Everything from the line holding "改修工事前に足場を掛けて 全面をチェックして適切な処理を 行なっていきます。" through the last line of the data, and nothing else, should be retyped exactly, with no pictures.

Data —
=====
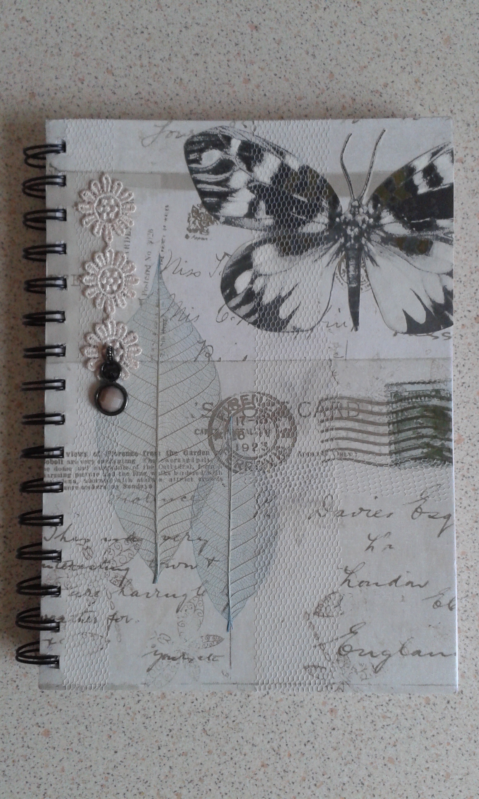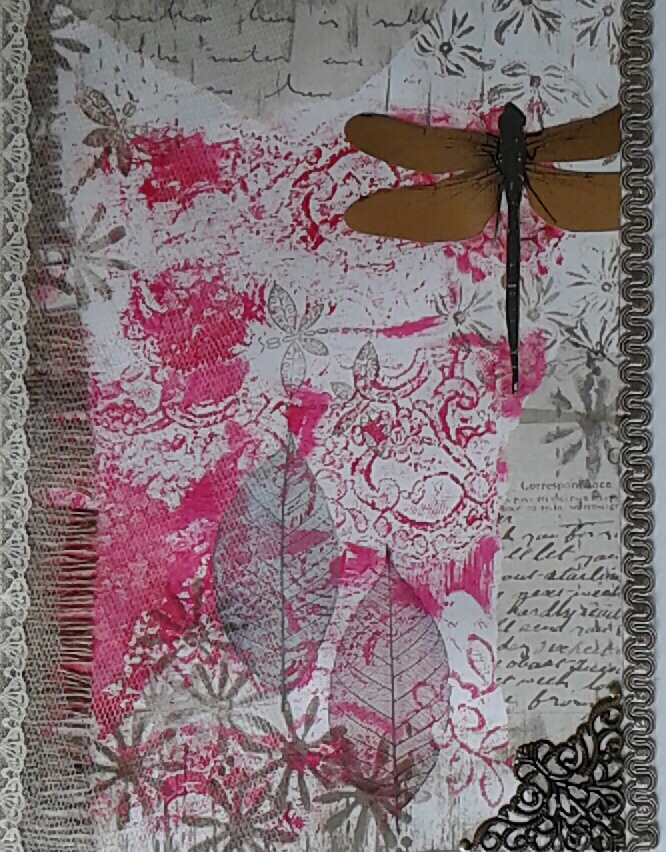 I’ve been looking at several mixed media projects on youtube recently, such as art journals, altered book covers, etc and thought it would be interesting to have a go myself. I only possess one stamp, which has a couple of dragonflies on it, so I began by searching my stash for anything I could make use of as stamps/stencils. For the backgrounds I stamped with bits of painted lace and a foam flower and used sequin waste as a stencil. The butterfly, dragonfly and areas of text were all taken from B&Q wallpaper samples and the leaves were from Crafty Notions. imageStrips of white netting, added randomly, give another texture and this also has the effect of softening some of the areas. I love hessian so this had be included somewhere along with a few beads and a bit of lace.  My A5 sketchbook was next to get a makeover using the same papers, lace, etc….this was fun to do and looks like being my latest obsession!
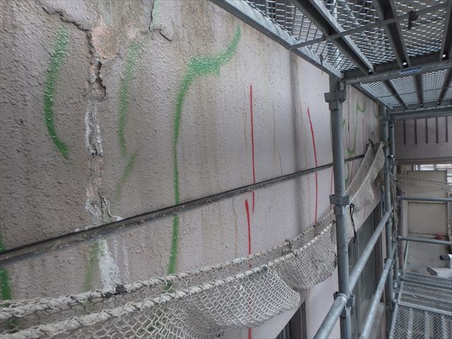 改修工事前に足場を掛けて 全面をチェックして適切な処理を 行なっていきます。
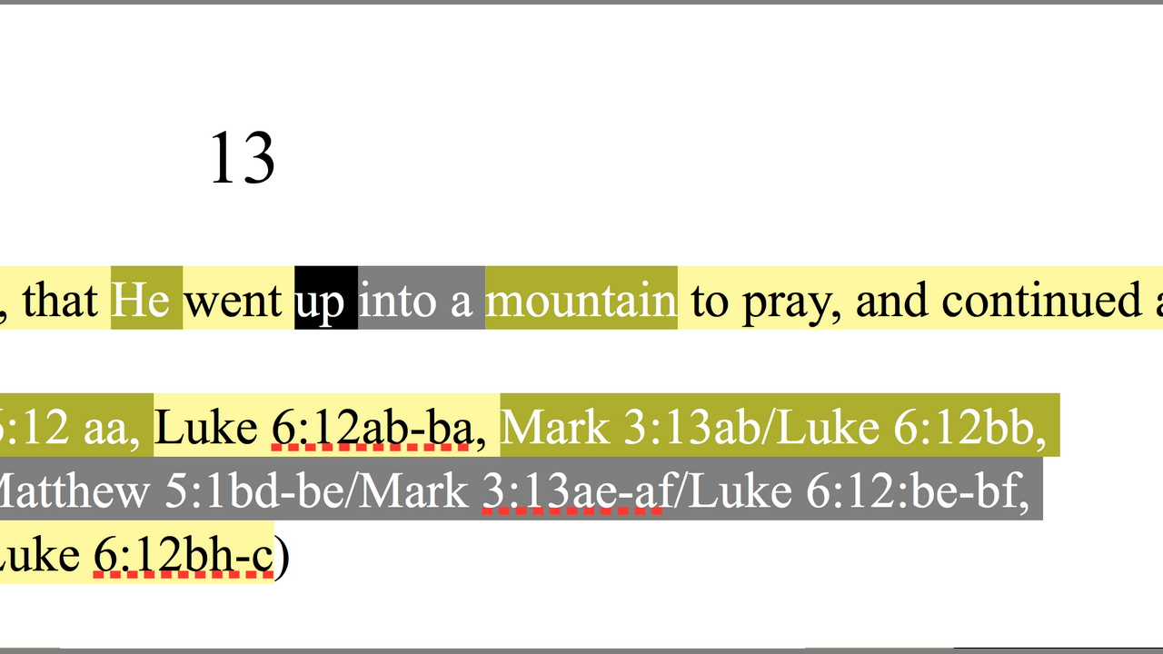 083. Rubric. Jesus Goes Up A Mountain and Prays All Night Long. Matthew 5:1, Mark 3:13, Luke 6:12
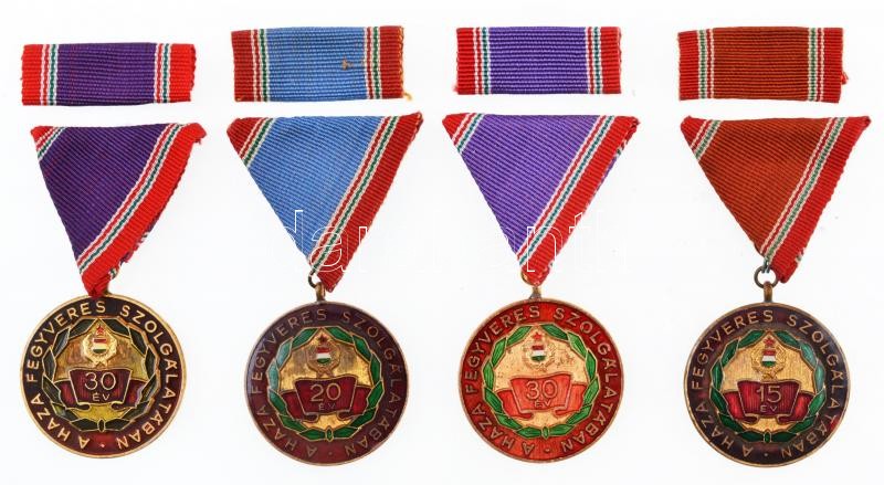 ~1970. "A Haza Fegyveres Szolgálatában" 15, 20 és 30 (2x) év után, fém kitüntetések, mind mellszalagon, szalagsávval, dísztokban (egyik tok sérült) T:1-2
=====
Finished task —
 改修工事前に足場を掛けて 全面をチェックして適切な処理を 行なっていきます。
 083. Rubric. Jesus Goes Up A Mountain and Prays All Night Long. Matthew 5:1, Mark 3:13, Luke 6:12
 ~1970. "A Haza Fegyveres Szolgálatában" 15, 20 és 30 (2x) év után, fém kitüntetések, mind mellszalagon, szalagsávval, dísztokban (egyik tok sérült) T:1-2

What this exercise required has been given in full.